Ms. Kennelly noted that it took advocates years before Congress (last year) appropriated some additional funds to allow SSA to increase its output to slow the growth of the backlog in disability claims.  Putting down her prepared text in the middle of her testimony, she practically begged the Committee members not to burden the agency with a new workload.

 

“We are all embarrassed about the backlog,” she said.

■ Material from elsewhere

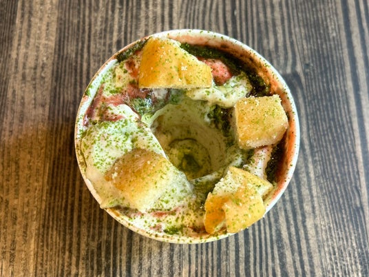 内容:くちどけがよく滑らかな舌触りのバニラフローズンカスタードをベースに、甘酸っぱいストロベリーピューレ、柔らかく甘いシュガードーナツ、 ほろ苦さがアクセントとなる抹茶パウダーを専用のマシーンで一気に混ぜ合わせたアイスデザートです。鮮やかな赤と緑のコントラストで、見た目にも楽しいデザートです。

The new Commissioner was doing his best, but if E-Verify on a national scale is made part of the mandate of the SSA, progress in claims determinations will halt. “I have never felt as strongly about anything in a long time,” she said.

 

If members of Congress think they hear too much from constituents who are upset about illegal immigration, wait until seniors can’t get their Social Security checks because the SSA is too busy checking into the work authorization of those who are still working.

 

The hearing was the first of several planned on immigration, employment verification, and related issues.  A Forum Press Release about these hearings was picked up today in the Orange County Register.